Weekend Fund

Web3 themes we’re excited to fund

By Vedika Jain on Feb 10, 2022

Weekend Fund invests in projects capitalizing on behavioral, cultural and technological shifts. My teammate Ryan put out a Request for (crazy) startups in 2018 with a list of themes he was looking to fund. This included - tools for creators/makers, remote work, audio/voice, digital celebrities and more. Ryan was attracted to these themes, in part because they felt like the frontier then. Early builders had arrived, some investors were arriving, mainstream users had not.  

Identifying big shifts early and investing in them has worked out well for the fund:

With our investment in Deel, we were betting on the rise of remote work.

With our investment in Superplastic, we were betting on the rise of digital celebrities like Janky and Guggimon who have built a following on today’s “TV”: Social Media.
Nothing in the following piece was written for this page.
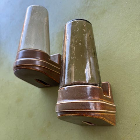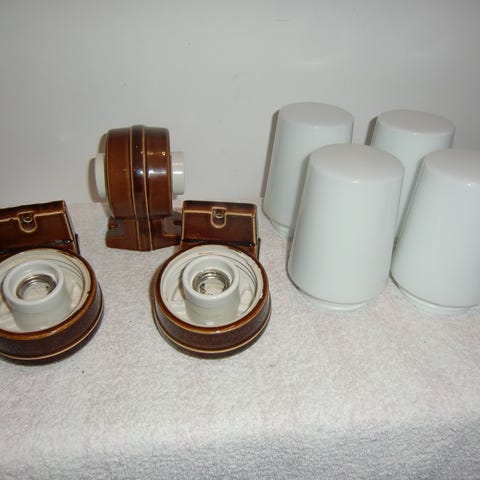 Badeværelseslampe / vådrumslampe fra Ifö tegnet af Sigvard Bernadotte. Brun porcelænsholder og skærm af hvid opalglas.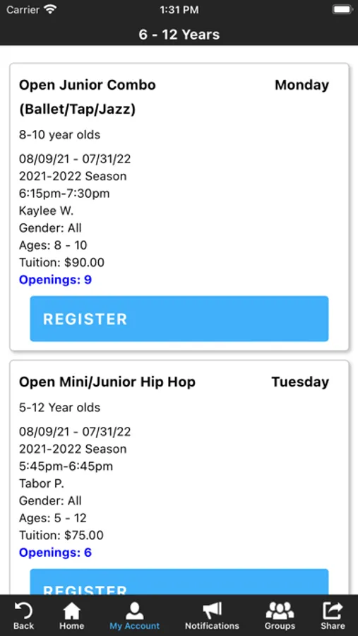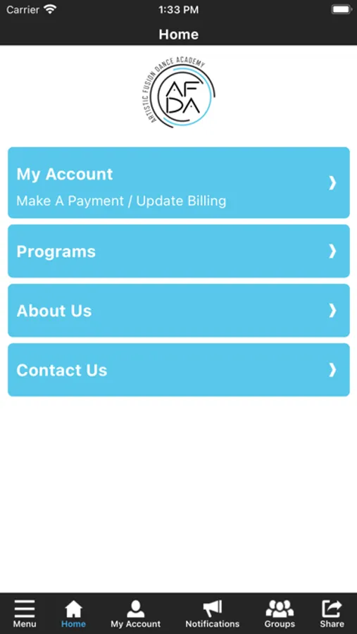 The AFDA app allows you to manage your account with ease, register for classes, parties, and special events. You'll also receive important notifications about class changes, closings, registration openings, special announcements, and upcoming events.

With our investment in Voiceflow, we were betting on more of our interaction with technology shifting towards voice and “always on” audio from AirPods/smart speakers.

With our investment in Invideo, we were better on the rise of the creator economy

Web3 is a big shift. Really big. It’s bringing together:

  • A technology shift: closed platforms as database providers → an open distributed ledger
  • An incentive shift: platform-owned → community-owned
  • A culture shift: trusted platforms making decisions → platform losing trust

Crypto still feels weird, confusing, unregulated, and philosophical. Most of all, it feels innovative. “Innovation happens when people are free to think, experiment and speculate” writes Matt Ridley. Web3’s “open-source” nature isn’t just about code, it’s about ideas. We’re seeing an explosion of collaboration and learning in the open, pushing ideas and web3 forward.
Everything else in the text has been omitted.